ТВОРЧЕСТВО

ПОЗНАНИЕ

А  Б  В  Г  Д  Е  Ж  З  И  Й  К  Л  М  Н  О  П  Р  С  Т  У  Ф  Х  Ц  Ч  Ш  Щ  Э  Ю  Я  AZ

 

Вера поменяла повязку на затянувшейся ране и залепила ее пластырем. Мать собирала в узелки и обшивала клеенкой книги, которые собиралась зарыть на огороде, и впавшими тоскливыми глазами смотрела па сына и невестку.
Сели перед дорогой. Потом мать поцеловала Веру, Сергея и молча кивнула на прощанье. Александр Степанович проводил молодых во двор, хотел что-то сказать, а потом махнул рукой и слабо улыбнулся.
Передний край проходил в каком-нибудь километре от дома, за нефтебазой. Деревянные дома железнодорожников горели и днем и ночью. Дым пожаров стлался по Ульяновской огромными сизо-серыми змеями. Станция замерла — ни одного паровозного гудка, ни рожка стрелочника. На путях методично рвались мины, и то вспыхивала, то угасала ружейно-автоматная стрельба у нефтебазы.
За неделю, которую Сергей пролежал дома, город преобразился — с чердаков уцелевших кирпичных зданий смотрели на улицу пулеметные стволы. Во дворах стояли машины и повозки, а на небольшой площадке за виадуком — батарея зениток. — Эти тоже скоро уйдут на передовую, — кивнула Вера на зенитки. — На валу они бьют прямой наводкой.
— Мост еще наш? — спросил Сергей.
— И наш и не наш... Пойдут в атаку они — наши заставляют откатиться. Попробуют наши прорваться на Луполово — они отбивают атаки и теснят к валу...
Еще с театральной площади Сергей увидел на башне старой ратуши у Дома офицеров — красное знамя. Оно чудом держалось на самой верхотуре и переливалось на солнце кроваво-красным отблеском.
— Что за праздник?
— Это им назло, — озорно сверкнула глазами Вера. — С самого утра они начинают бить по этой башне из пушек. Ну и черт с ними. Расход боеприпасов...
Сергей улыбнулся. Вера все еще не могла понять, как не понимал долгое время и Сергей, что они готовились к этой войне основательно и боеприпасов им хватит надолго, может быть, даже на несколько лет, потому что все заводы Европы работали на них...

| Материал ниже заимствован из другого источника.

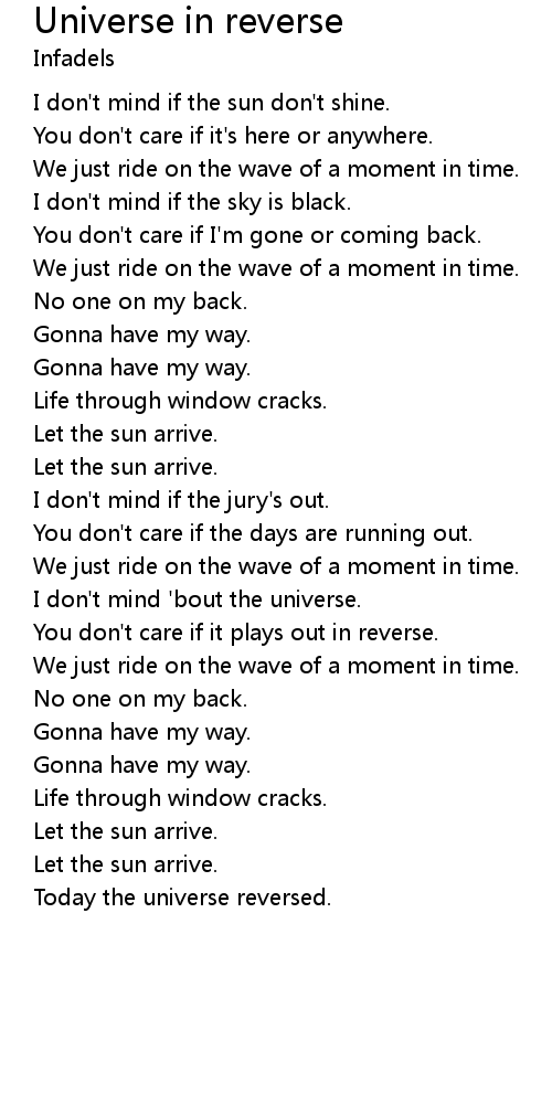 I don't mind 'bout the universe. |

Советская площадь лежала в развалинах. Большое кирпичное здание областной типографии зияло пустыми окнами, был сожжен и разрушен Дом пионеров, примыкавший к парку.

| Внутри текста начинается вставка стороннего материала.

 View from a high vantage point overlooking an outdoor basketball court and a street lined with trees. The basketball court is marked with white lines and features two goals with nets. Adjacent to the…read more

Появлению Веры и Сергея ребята не придали особого значения — как будто те и не отлучались на целых семь дней. Лишь какой-то студент, кажется, с истфака, обтрепавшийся за эти дни и сменивший брюки на красные шаровары от лыжного костюма, обнял Сергея и кивнул на плечо:
— Болит?
— Терпеть можно... — Сергей улыбнулся, глянув на необычный костюм студента. — Ты что, специально для фрицев вырядился?

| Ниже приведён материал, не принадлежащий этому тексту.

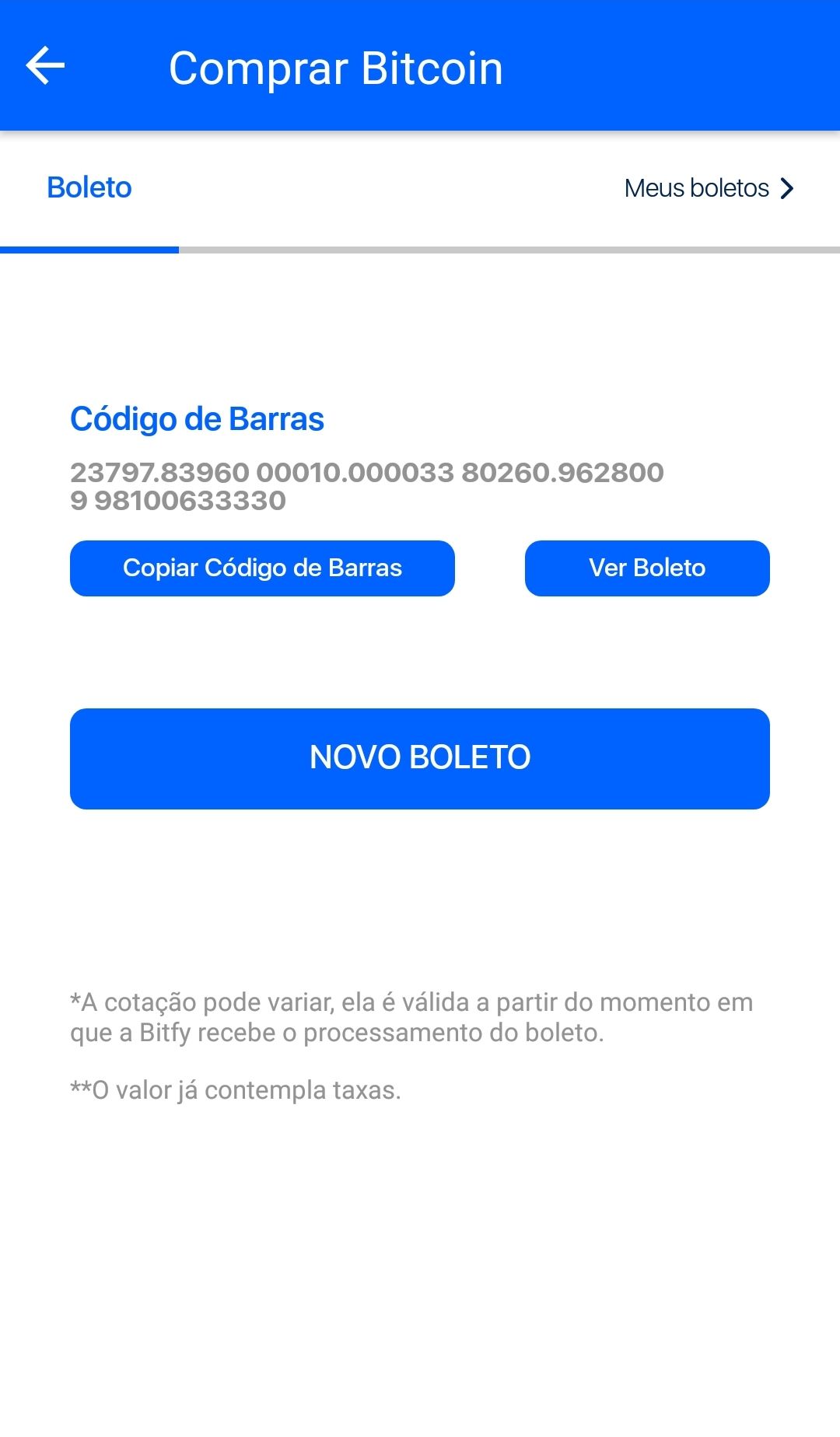 Lembre-se que o valor do bitcoin pode sofrer alterações até o boleto ser processado. Após o pagamento do boleto, seus bitcoins serão depositados na sua conta em até 1 dia útil.

— Они, как быки, ненавидят красное... — Студент сказал это без тени усмешки, с каким-то упрямым ожесточением, потом достал из кармана шаровар пачку сигарет. — Идем, я тебе передам свою стрелковую ячейку... в полный рост... и патронов дам... перехожу на счетверенный «максим».
Но занять стрелковую ячейку Сергею не пришлось. Устин Адамович, которому доложил он о своем возвращении в строй, устало улыбнулся, взял Веру и Сергея под руки и отвел в сторону. Сели на поваленное дерево.
Сергей заметил, как изменился за эти дни Устин Адамович. Отросла небольшая рыжая бородка — бриться, конечно, было некогда, да и негде, лихорадочно горели ввалившиеся глаза, обрамленные сетью морщинок.
Устин Адамович расстегнул планшет. Там, где должна была находиться карта, лежали папиросы «Казбек».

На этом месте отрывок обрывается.